The Center on Budget and Policy Priorities reports that from 2007 to 2013 state appropriations for higher education have dropped $16.8 billion, a decline of nearly 20%. However during that same time enrollments had increased by 1.2 million students or 11.7%, diminishing the appropriations per full-time enrolled students from $8,487 to $6,134, or nearly 28%.
In response to a Wall Street Journal editorial, Mediamatters for America posted a study in August this year indicating the average tuition at public four-year colleges is increasing dramatically. In Arizona, from FY 08 to FY 13, the inflation adjusted increase per student of $4,275 led the nation. These figures do not include fees — the popular tool used to hide unpopular tuition increases. Growing the number of adjunct faculty lessens tuition increase rates and reduces the size of Pell grants. Adjuncts are becoming shock absorbers in the broken financial mechanism of U.S. higher education.
The price of low-cost teaching?
In 2010 the University of Iowa received $429.5 million in research funding generated by the 1,672 tenured faculty members: About $250,000 each. This same faculty group accounts for 62% of total teaching staff. A reduction of 10% of the tenured faculty, to be replaced by contingent faculty, could lead to a $43 million reduction in research funding, and compromised reputation to boot. Funded research is supported by the painters, poets, performers and philosophers who spark insight, creativity and inquisitiveness in students and faculty, even though they may not secure vast sums of extramural support.
Strong tenured faculty members are like cottage industries. At Iowa, there are 1,672 of them.
Institutions downplaying or devaluing scholarship, research, creative activity, and public and professional service are no longer universities. Contingent faculty members are less valued by the university community: The lower pay and higher workloads stridently affirm that perspective.
To rub salt in the wound, the Affordable Care Act may force adjuncts out of some state health care systems. In Washington Keith Hoeller, a 25-year adjunct, reported in The Olympian, that contingent faculty toil and earn at levels consistent with the national norms: 200% course loads and 50% pay. When on half-time appointment, Hoeller says they fall below the federal poverty level of $19,530 for a family of 3.
Some of the best teachers I know are adjuncts.
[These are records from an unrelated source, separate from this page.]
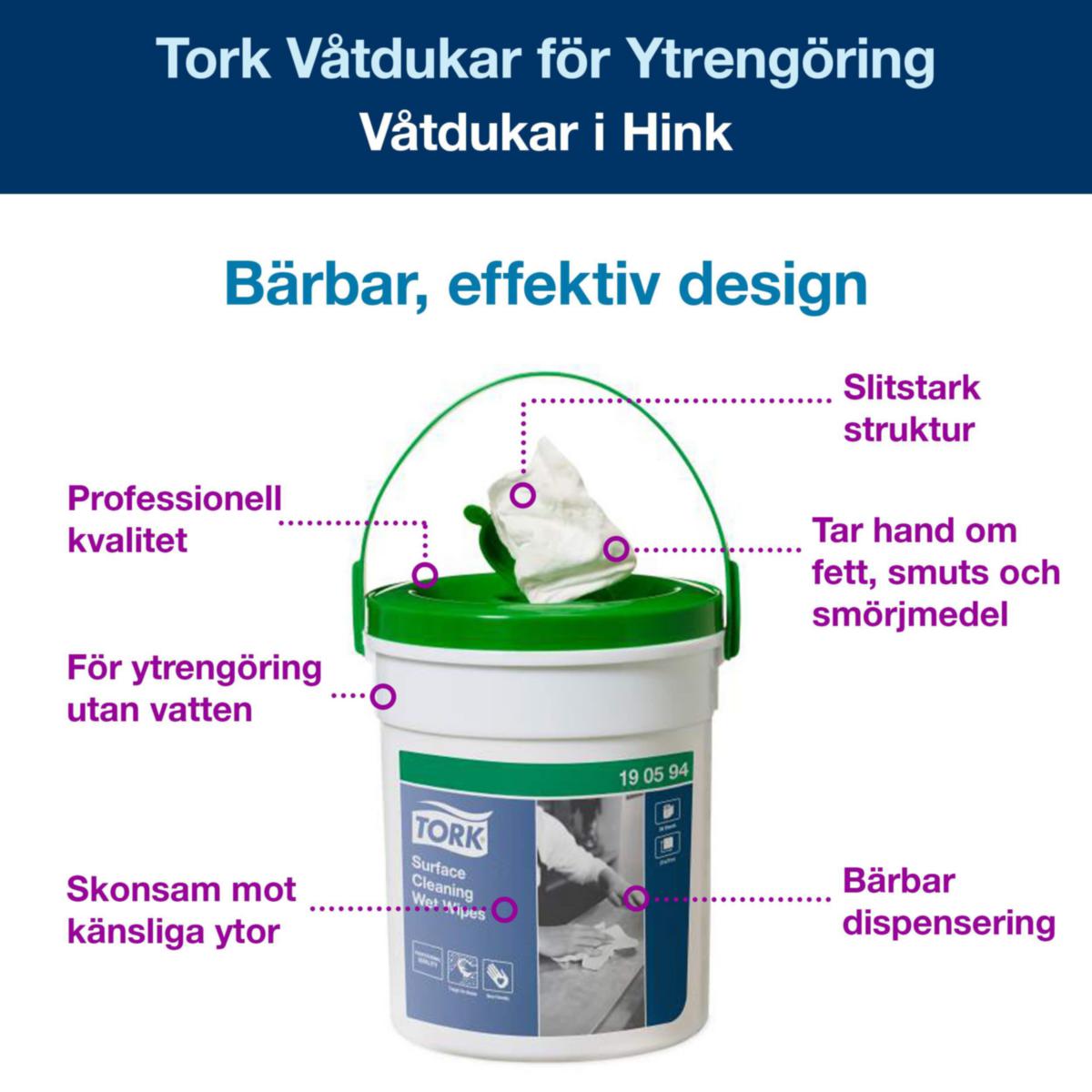 När det inte finns vatten tillgängligt men smuts måste städas undan – använd Tork Våtdukar för Ytrengöring. Dessa tåliga våtdukar är smidiga och effektiva när det kommer till rengöring av ytor och de tar snabbt bort fett, smuts, smörjmedel och olja, utan att vatten behöver användas. Med hjälp av vår bärbara hink är dessa våtdukar med professionell kvalitet alltid tillgängliga när du behöver dem. Oparfyrmerade. 27x13,5 cm. 58 dukar.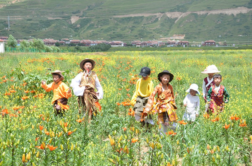 從康巴漢子村到郭崗頂,僅需半小時。極目群山,錯落有致、狀似蓮花瓣的八座山峰向你頷首致意,在郁郁蔥蔥的森林之間驀然有一塊綠蔭草甸,遠遠望去恰似中國行政區(qū)劃圖,而星星點點的牦牛猶如地圖上明顯的標示物,讓人嘆為觀止。郭崗頂曾經(jīng)是茶馬古道,其因遍地盛開一種叫郭崗花的藏紅花而被命名。眾多的文人墨客在此留下千古絕唱,使得郭崗頂充滿了童話般的色彩。置身在鮮花爛漫的花海中,俯瞰康巴漢子村的富庶寧靜,讓人感到心曠神怡。郭崗頂有兩個湖泊,叫尼瑪達瓦措,就是日月湖的意思,被稱為是郭崗頂?shù)难劬?。如果是在月朗星稀之夜,日月湖湖中有月,蔚景致迷人,讓人稱奇。當漫山遍野的郭崗花盛開的時候,郭崗蓮花寶頂象傳說中的長壽老人唱著古老的山歌、臉上綻開慈祥的笑容,用寬厚的手掌迎接著遠道而來的客人們,那些常年被郭崗花簇擁著的古建筑遺址,那些被殘垣斷壁合圍的千年古柏訴說著古老的歷史,不管是風光秀麗的郭崗頂,還是雄姿英發(fā)的康巴漢子,這里都是你心馳神往的地方。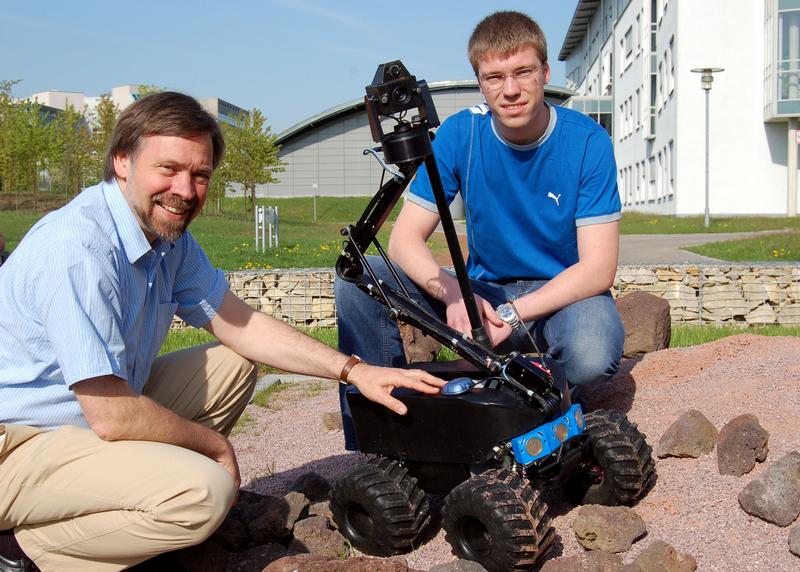 Hoffen auf Erfolg bei der Roboter-Rallye: Professor Klaus Schilling (links) und Daniel Eck mit dem autonomen mobilen Roboter "Outdoor Merlin". Foto: Robert Emmerich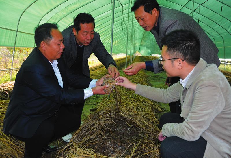 市食用菌协会日前组织专家组到随县淮河镇艺博酒红菇高产出口创汇种植示范基地,指导养菌期温度、湿度、通风、透光、增氧等科学管理。图为基地负责人介绍情况。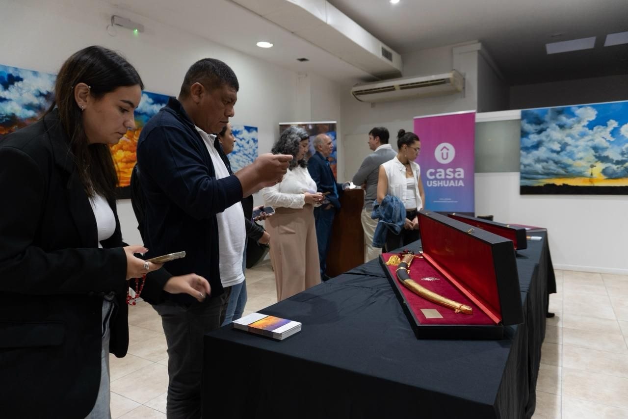 En esta oportunidad, expuso en la Casa Ushuaia junto a una réplica del sable corvo del Libertador Don José de San Martín y uno de sus icónicos bastones presidenciales.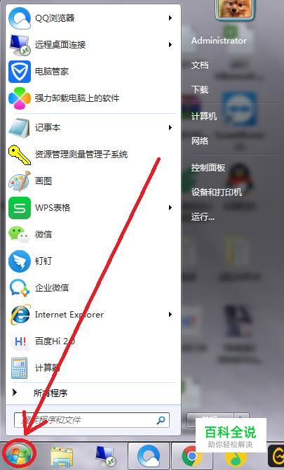 首先,点击屏幕左下角的“开始”选项,进入开始菜单。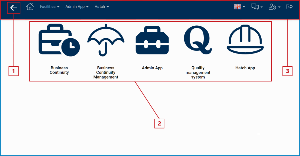 | 2 | Applications | Applications that have been designed and deployed to the web server can be accessed from either the home page or the menu bar. |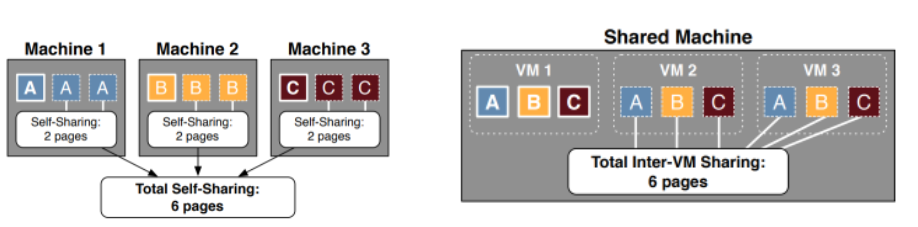 - self-sharing: 개별 VM 내에서 공유하는 방식이며, 왼쪽 그림 예시를 보면 machine 당 A, B, C 3 copy 씩 존재하므로 6개의 중복 페이지들을 절약할 수 있다.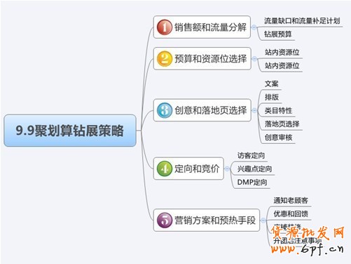 提前做好聚劃算活動的預(yù)熱工作,能夠有效幫助活動期間更好的完成銷售,為店鋪大大提高轉(zhuǎn)化率和增加銷量。下面再以一張圖來總結(jié)本文的關(guān)于聚劃算預(yù)熱之鉆展?fàn)I銷策略,希望能對大家有所幫助。

A very few produce scholarship beyond teaching, but they are only compensated for teaching. However, the scholarly and service function of a research university is sacrificed if two of the three legs on the stool are weakened. An antiquated model? Maybe, but research funding is essential to research universities.
The advance of distance education further exacerbates the muddle. Contingent “faculty” may work out of their kitchen. (Another economy, no office.) Students forego the intellectual life of on-campus engagement. That lack of access has trickled into the teaching community so that neither students nor teachers must come to campus. Everyone is “on the wire.” Soon, a student will cause an accident: He will have been attending calculus class on his cell phone at 55 mph, and the electronic record will memorialize it. Looking for a derivative, he neglected to yield the right-of-way.
At least he didn’t skip class.
Something has to give. University teaching is being transformed from a three-part harmony of engaged instruction, research, and service, to a monotone composition, delivered anywhere anytime at the speed of light.
Our universities can’t balance the books on the back of low-cost teaching; no matter how committed or capable the teachers are, unless they are willing to stop being universities.